# Secrets : Accédez à de nombreuses préférences cachées de Mac



## bricbroc (2 Janvier 2012)

Bonjour,

J'ai découvert cette application : Secrets, comme faisant partie d'un des meilleurs logiciels gratuits de l'année 2011 (d'après Clubic, rubrique "du coté du mac").

Quelqu'un a-t-il déjà installé et ou utilisé cette application ?

Est-elle intéressante ? Sans intérêt ? 

D'avance merci de vos retours d'expérience.




Ce qui est intéressant déjà, c'est que les utilitaires dont il est question ici sont ceux qui ne concernent ni le système, ni un domaine pour lequel il existe un forum spécialisé.

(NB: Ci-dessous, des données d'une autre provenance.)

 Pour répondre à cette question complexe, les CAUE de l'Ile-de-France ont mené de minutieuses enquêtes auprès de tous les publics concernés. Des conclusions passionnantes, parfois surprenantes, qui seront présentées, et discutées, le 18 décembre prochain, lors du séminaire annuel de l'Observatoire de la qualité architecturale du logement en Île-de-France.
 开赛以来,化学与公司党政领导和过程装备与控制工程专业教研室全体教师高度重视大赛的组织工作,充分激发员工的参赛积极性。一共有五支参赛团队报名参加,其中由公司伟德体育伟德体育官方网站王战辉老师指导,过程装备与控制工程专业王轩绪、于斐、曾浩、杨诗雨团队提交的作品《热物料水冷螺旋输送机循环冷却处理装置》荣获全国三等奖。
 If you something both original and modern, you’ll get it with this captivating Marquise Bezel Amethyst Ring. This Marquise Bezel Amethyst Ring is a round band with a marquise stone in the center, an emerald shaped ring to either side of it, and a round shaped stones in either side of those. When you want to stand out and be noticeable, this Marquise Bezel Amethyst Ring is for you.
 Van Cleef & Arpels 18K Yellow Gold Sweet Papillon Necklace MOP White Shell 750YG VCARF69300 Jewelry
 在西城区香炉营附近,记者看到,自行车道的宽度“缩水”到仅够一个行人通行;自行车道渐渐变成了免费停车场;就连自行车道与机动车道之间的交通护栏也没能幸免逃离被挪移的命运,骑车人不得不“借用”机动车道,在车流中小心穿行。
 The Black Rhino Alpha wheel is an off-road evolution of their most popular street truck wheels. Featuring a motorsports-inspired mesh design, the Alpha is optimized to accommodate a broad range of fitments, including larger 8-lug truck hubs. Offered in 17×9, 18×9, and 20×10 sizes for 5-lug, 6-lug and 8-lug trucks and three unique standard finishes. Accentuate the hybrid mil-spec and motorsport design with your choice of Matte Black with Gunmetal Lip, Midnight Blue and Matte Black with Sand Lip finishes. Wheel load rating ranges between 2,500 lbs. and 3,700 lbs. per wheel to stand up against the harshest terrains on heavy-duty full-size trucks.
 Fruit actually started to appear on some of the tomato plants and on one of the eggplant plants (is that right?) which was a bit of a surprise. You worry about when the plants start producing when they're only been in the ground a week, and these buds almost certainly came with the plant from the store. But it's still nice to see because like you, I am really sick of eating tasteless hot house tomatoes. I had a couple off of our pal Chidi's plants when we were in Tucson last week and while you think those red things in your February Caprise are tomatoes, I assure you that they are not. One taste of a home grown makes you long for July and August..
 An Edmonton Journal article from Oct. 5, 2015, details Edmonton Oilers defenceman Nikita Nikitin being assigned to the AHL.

Là, c'est le système, et ça n'est pas un soft Apple, donc, on déménage.


----------



## alextiwi (25 Février 2012)

Je viens d'aller voir via le lien qui renvoie sur un site contenant une dizaine de "modifications possibles" dont qqes une ont l'air intéressantes mais... Comment s'en servir ?!


----------



## wath68 (25 Février 2012)

Apparemment tu dois télécharger PrefPane 1.0.6 puis l'installer.
C'est marqué d'ailleurs dans l'aide


> Installing Secrets
> Double click the preference pane to have it installed.

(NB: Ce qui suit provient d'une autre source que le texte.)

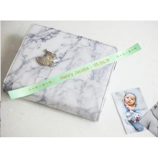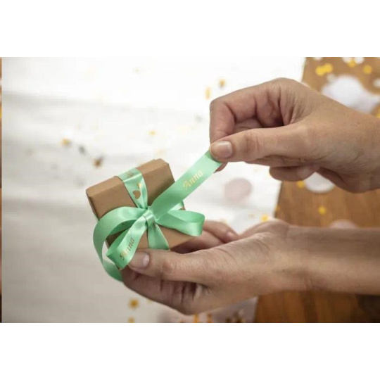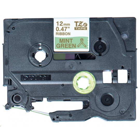 BROTHER TZE-RM34 - kazeta TZ šířky 12mm, TEXTILNÍ páska 4m- pro tvorbu dárků - NELEPÍCÍ - MÁTOVÁ PÁSKA ZLATÝ POTISK gold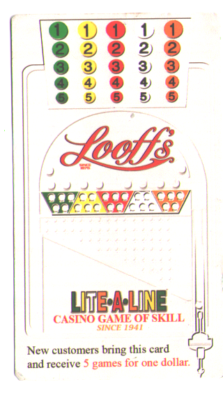 Lite-a-Line 是弹球和宾果游戏的结合。它类似于弹球游戏,因为你用柱塞将球射到棋盘上;但它也像宾果游戏,因为你希望球连续突出五个点,这样你就能赢。当球穿过棋盘上的 25 个孔时,五乘五的记分卡上相应的格子就会亮起。玩家通常下注 1 美元,赢家将获得 15 美元。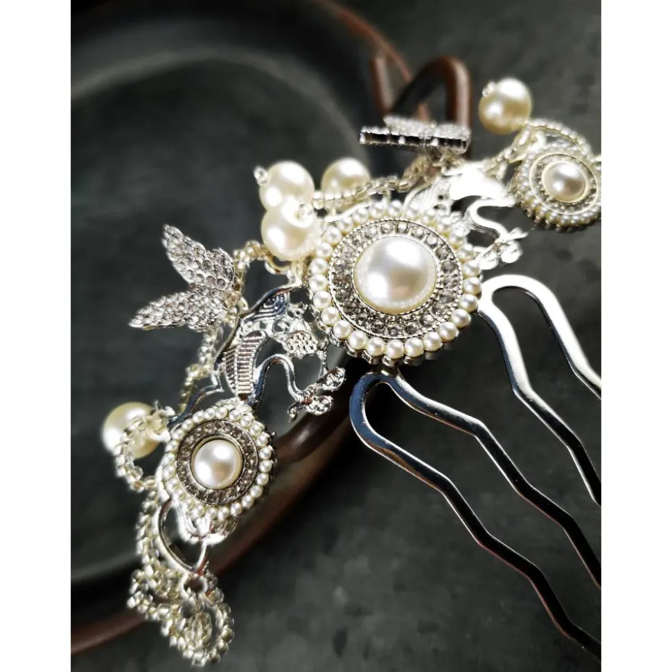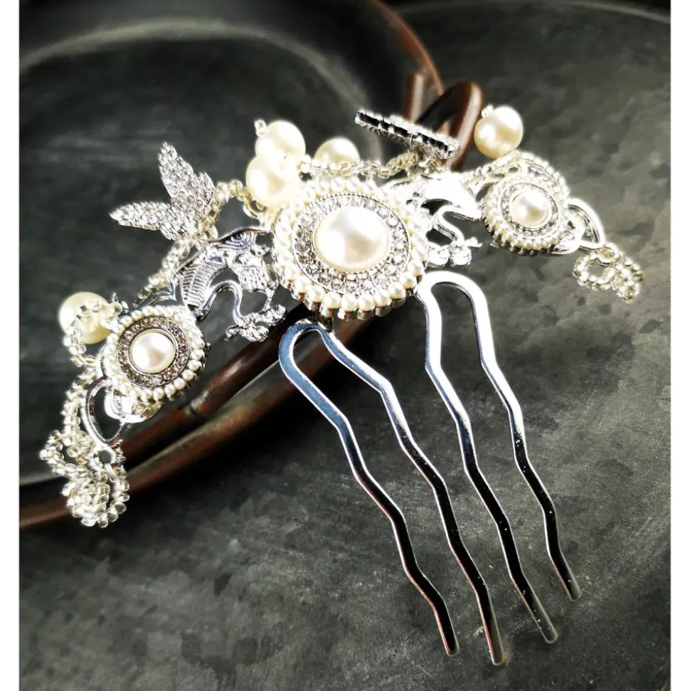 Der Haarkamm wurde mit unterschiedlichen Knöpfen (mit weissen kleinen Acrylperlen und Strass) üppig verziert. Umrandet werden diese mit kleinen, durchsichtigeb Glasperlen, großen weissen Glasperlen und Strasschmetterlingen.

Cela va ajouter Secrets dans Préférences Système.


> Using Secrets
> Use the RELOAD button to get the latest values from the web
> Hit the X button (DELETE key) to revert to the default value
> Many values require the selected application to be quit before changing them



D'après ce que j'ai pu voir, la plupart des "secrets" sont déjà réalisables avec Onyx.


----------